**Assigned task**
Retype the listing exactly; omit pictures.

**Source material**
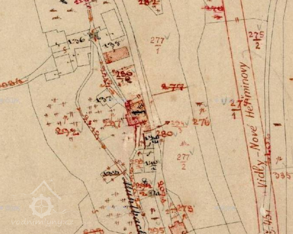 Popis1930 hospodářství: 1 kolo na svrchní vodu, hltnost 0,13 m3/s, spád 2,6 m, výkon 3 HP
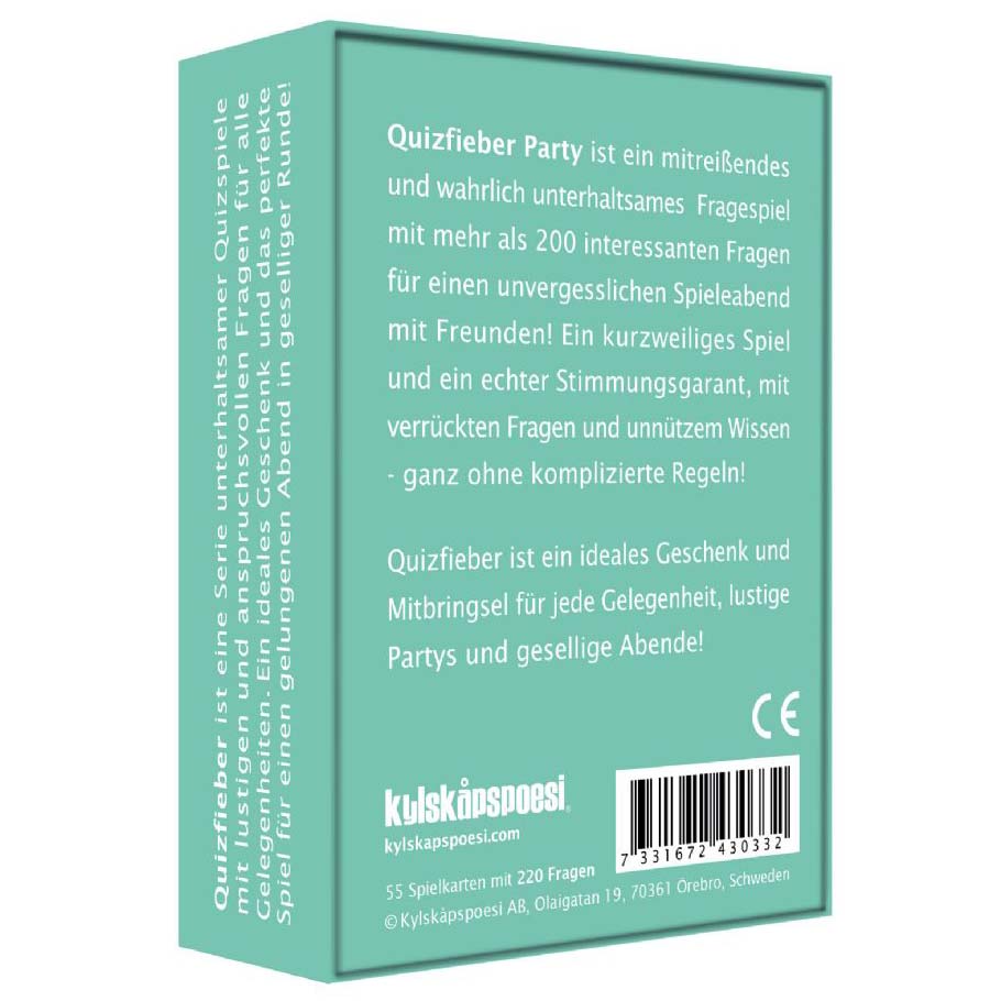 Quizfieber Party ist ein mitreißendes und wahrlich unterhaltsames Fragespiel mit mehr als 200 interessanten Fragen für einen unvergesslichen Spieleabend mit Freunden! Ein kurzweiliges Spiel und ein echter Stimmungsmacher, mit verrückten Fragen und unnützem Wissen ganz ohne komplizierte Regeln! Quizfieber ist ein ideales Geschenk und Mitbringsel für jede Gelegenheit, lustige Partys und gesellige Abende!
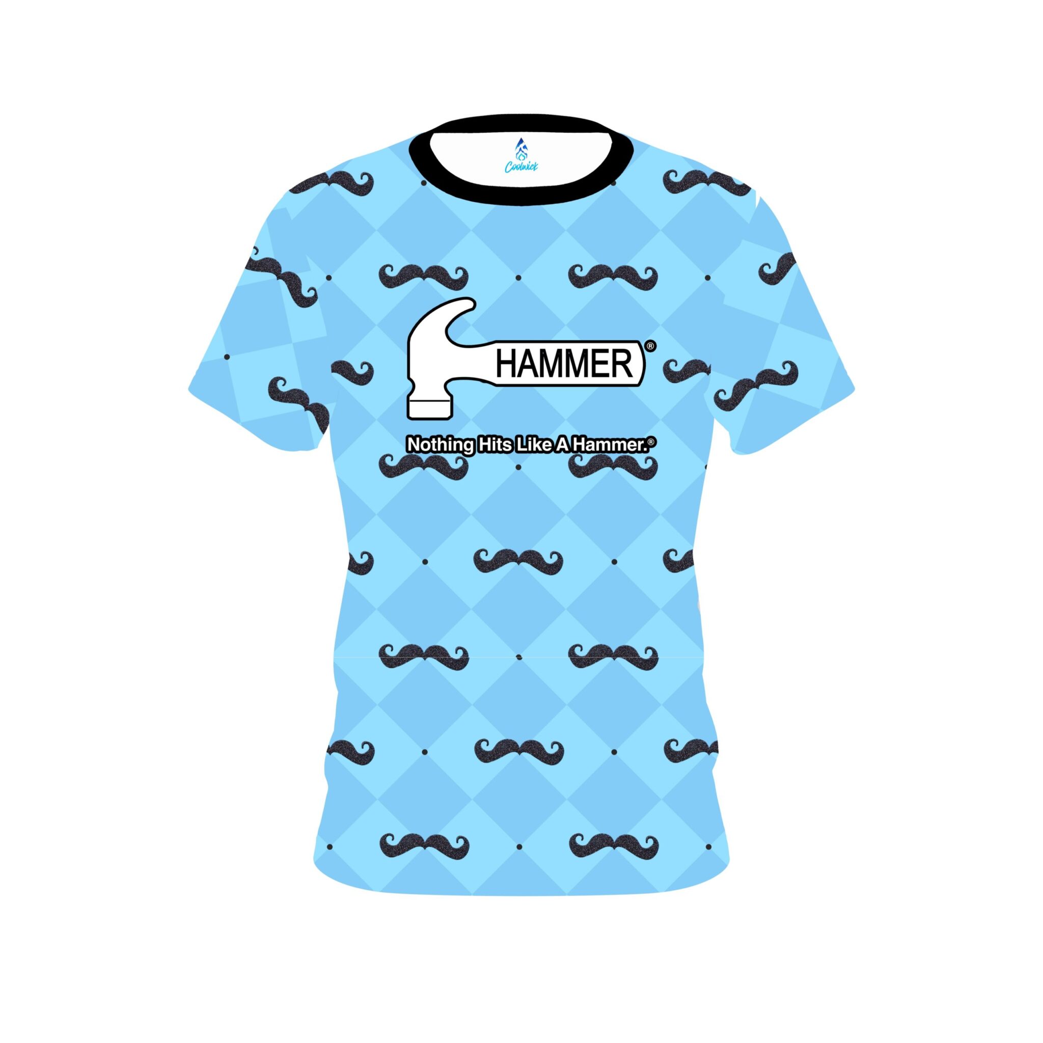 Stay 40% cooler with CoolWick. Our Hammer Baby Blue Mustache CoolWick Bowling Jerseys are made of two different fabrics with the back being our CoolWick technology fabric that helps wick moisture away and helps air flow more easily through the fibers.

**Your solution**
 Popis1930 hospodářství: 1 kolo na svrchní vodu, hltnost 0,13 m3/s, spád 2,6 m, výkon 3 HP
 Quizfieber Party ist ein mitreißendes und wahrlich unterhaltsames Fragespiel mit mehr als 200 interessanten Fragen für einen unvergesslichen Spieleabend mit Freunden! Ein kurzweiliges Spiel und ein echter Stimmungsmacher, mit verrückten Fragen und unnützem Wissen ganz ohne komplizierte Regeln! Quizfieber ist ein ideales Geschenk und Mitbringsel für jede Gelegenheit, lustige Partys und gesellige Abende!
 Stay 40% cooler with CoolWick. Our Hammer Baby Blue Mustache CoolWick Bowling Jerseys are made of two different fabrics with the back being our CoolWick technology fabric that helps wick moisture away and helps air flow more easily through the fibers.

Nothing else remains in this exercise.